Despite Abram's Khan seeming even more unhinged and more violent than when portrayed by Ricardo Montalban for the second time in Star Trek II, there still exists plenty with which the audience might find sympathy. But this character complexity is largely dispersed and sympathy is tested to its limit with his later actions. It is hard to be sympathetic towards Khan after his violent, visceral and personal murder of his enemy, with his bare hands, along with his willingness to murder the Enterprise crew with little provocation. But the real clincher is the completely unnecessary breaking of Dr Carol Marcus' leg, who posed no threat to him whatsoever.

There is an understandable message contained within that dispersal of sympathy: that, however just the cause, there are lines across which support and sympathy cannot stretch.

But there was also an opportunity missed. Roddenberry's Khan was methodical, intelligent, efficient - there would be no unnecessary brutality. If an engagement could be avoided through painless incapacitation of an opponent, then that strategy would suffice and no excess effort would be expended on brutality. These attributes offer the chance to tackle an even more complex and challenging kind of character: an antagonist who is not a villain, but a kind of anti-hero.

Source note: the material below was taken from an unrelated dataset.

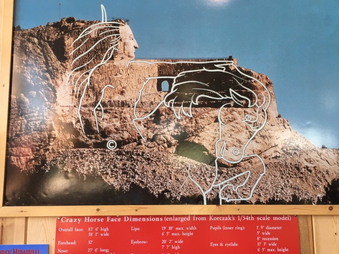 Henry Standing Bear, Chief of the Lakota asked sculptor Korezak Ziolkowski in 1939 to create a memorial in response to Mt. Rushmore “to let the white man know that the red man has great heroes too.” Ziolkowski accepted the project and found a way to get the land (a US Forest Service land swap) and begin this dream project. A carving of Crazy Horse on his horse pointing towards his lands was the final goal. The first blast of rock was in June of 1948. Ziolkowski’s wife Ruth and their ten children all assisted in this dream. 70 years later, the dream continues. The face is finished and work is constant on the arm, hair, and horse. There is a third generation of Ziolkowski working on the project. Also included in this project are a visitor center, a museum, and a Native American College with medical training center. The scale of the sculpture is enormous. The four heads of the presidents on Mount Rushmore could fit inside the head of Crazy Horse.

This Khan, the anti-hero, seeking the liberation of his people, would be a character not dissimilar to Jules Verne's Captain Nemo.

They already have much in common. They both appear to have been rulers of princely realms in India; both lost their realms and became exiles; and both now fight guerilla, even terrorist, wars in the name of their cause. Nemo seeks to free people from imperial tyranny (particularly from the British Empire), and this new imagining of Khan seeks to free his own people from the manipulations of Starfleet.

However, Verne's Nemo is treated with much greater sympathy. He is deeply affected by his own murderous actions in the course of war and shows great personal courage in standing up for the oppressed. Yet Nemo is still an anti-hero, his methods never fully acceptable even as his motivations demand sympathy.

In Star Trek the heroes have to stay on a truer path, eschewing violence and rising above it. They have to reject vengeance to save the world. A strong and sympathetic anti-hero offers us a dark mirror for the choices that the heroes make. But it also offers something even more important. It challenges the viewer to imagine their enemy more complexly. It is all too easy to dehumanise an opponent and reduce them to evil automatons to be stopped at all costs. It is much braver to try understand them as human beings. And, when it comes to films, books, or comics, drawing up villains with complex motives tends to be rewarding.

Some of the most respected villains in these mediums possess this greater character complexity. Marvel Comic's Magneto and Doctor Doom both came to power to protect and liberate their people from slaughter and oppression. Tolkien's Saruman fell into evil in desperation for a way to fight against overwhelming odds - falling foul of Nietzsche adage warning those who fight monsters to beware.

There is plenty of room in our films for antagonists that can challenge the way we think. In fact, the most dangerous enemies are often those that share many of the strengths and morals as the hero. But they are set apart by the anti-hero's willingness to sacrifice what the hero will not in order to achieve their goals. This uncompromising nature makes heroes second guess themselves, and consider their own darker natures. And it makes us, the viewers, consider with empathy those who pursue goals contrary to our own.